# John Brown's Self Interpreting Bible



## caddy

Here's your chance:

http://cgi.ebay.com/1843-Self-Inter...ryZ29223QQrdZ1QQssPageNameZWD1VQQcmdZViewItem

Anyone seen a Reprint of this fine book?


----------



## caddy

^
Any one have this by any chance?


----------



## Kevin

I know of two people with it, and it is very cool!

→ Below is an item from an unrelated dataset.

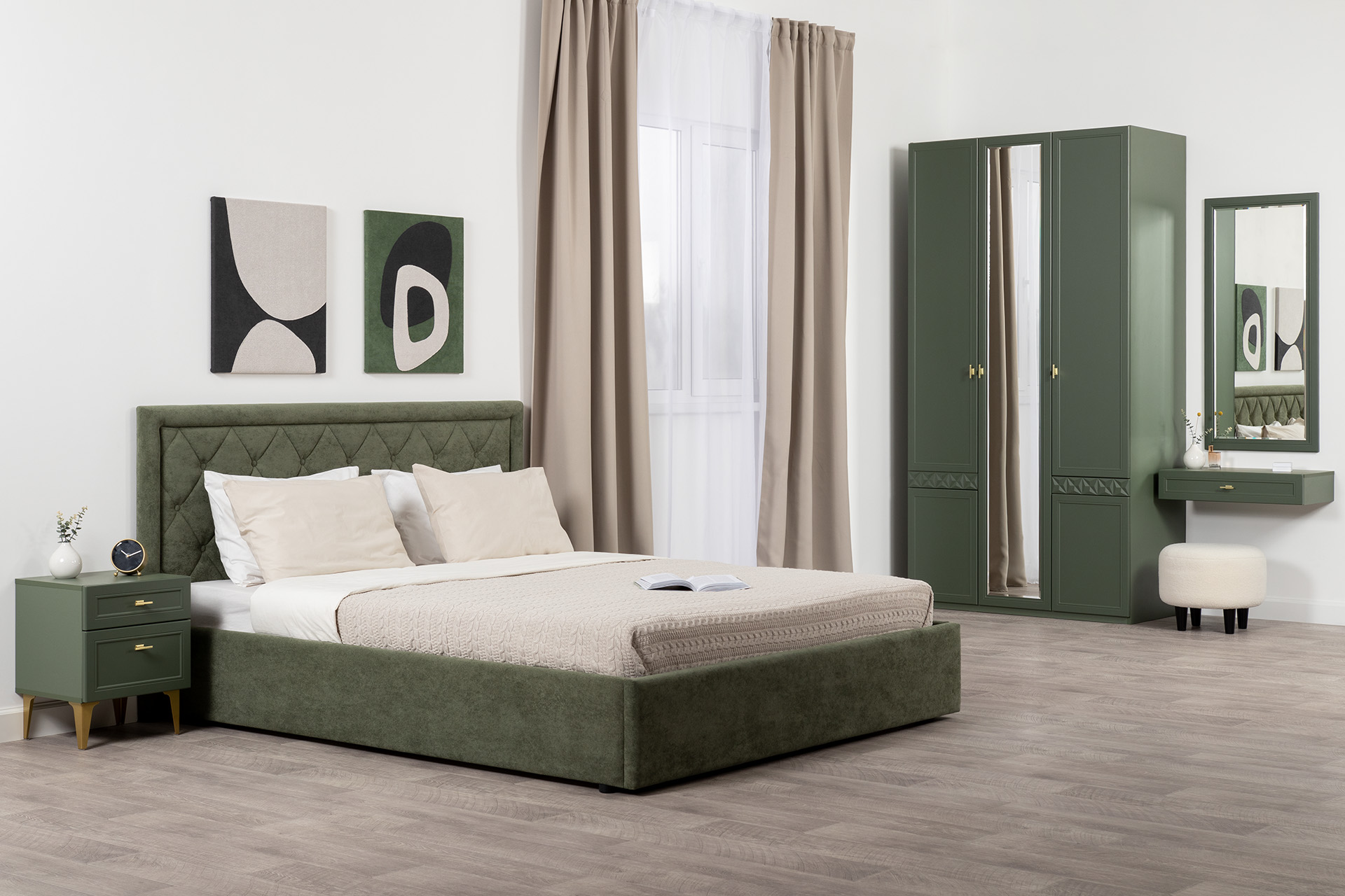 Изящные линии, глубокая фрезеровка фасадов из МДФ и благородные оттенки. Утончённая «Слоновая кость» и изысканная «Олива Шагрень» с глубоким зелёным тоном — создают атмосферу уюта, тепла и благородства. Металлические ручки и опоры золотого цвета придают мебели утончённый блеск, а петли и направляющие с доводчиками обеспечивают плавное и бесшумное закрытие фасадов.

His notes are quite good. Do you have his systematic theology? BTW BOT has a nice biography of him.


----------



## caddy

Yes, I have seen that S.T. by Brown. After reading Beeke's _Puritan Reformed Spirituality, _Brown is one of the authors I most want to read right now. Just trying to determine where I want to start. 



Kevin said:


> I know of two people with it, and it is very cool!
> 
> His notes are quite good. Do you have his systematic theology? BTW BOT has a nice biography of him.


----------



## caddy

Do you know where this might be sold? Any updated modern printings? I have found nothing on this other than in the antique copies. 



Kevin said:


> I know of two people with it, and it is very cool!
> 
> His notes are quite good. Do you have his systematic theology? BTW BOT has a nice biography of him.


----------



## VirginiaHuguenot

I don't know of any modern reprints. Amazon has a 1778 edition for sale for $225.00. You can preview the introduction online here. I have Brown's Systematic Theology (I have it in hardcopy and in electronic form at the EPP); his exposition of the Shorter Catechism; his Short Catechism for Young People (in electronic form at the EPP); and his _Notes on the Psalms of David in Metre_. Everything he wrote is to be treasured and I hope one day his Self-Interpreting Bible will be made available again to all.


----------



## caddy

Thanks Andrew

My next Purchase is going to be his Systematic Theology volume...



VirginiaHuguenot said:


> I don't know of any modern reprints. Amazon has a 1778 edition for sale for $225.00. You can preview the introduction online here. I have Brown's Systematic Theology (I have it in hardcopy and in electronic form at the EPP); his exposition of the Shorter Catechism; his Short Catechism for Young People (in electronic form at the EPP); and his _Notes on the Psalms of David in Metre_. Everything he wrote is to be treasured and I hope one day his Self-Interpreting Bible will be made available again to all.


----------



## etexas

What is meant by Self Interpreting?


----------



## caddy

Brego

This might help:

http://en.wikipedia.org/wiki/John_Brown_(theologian)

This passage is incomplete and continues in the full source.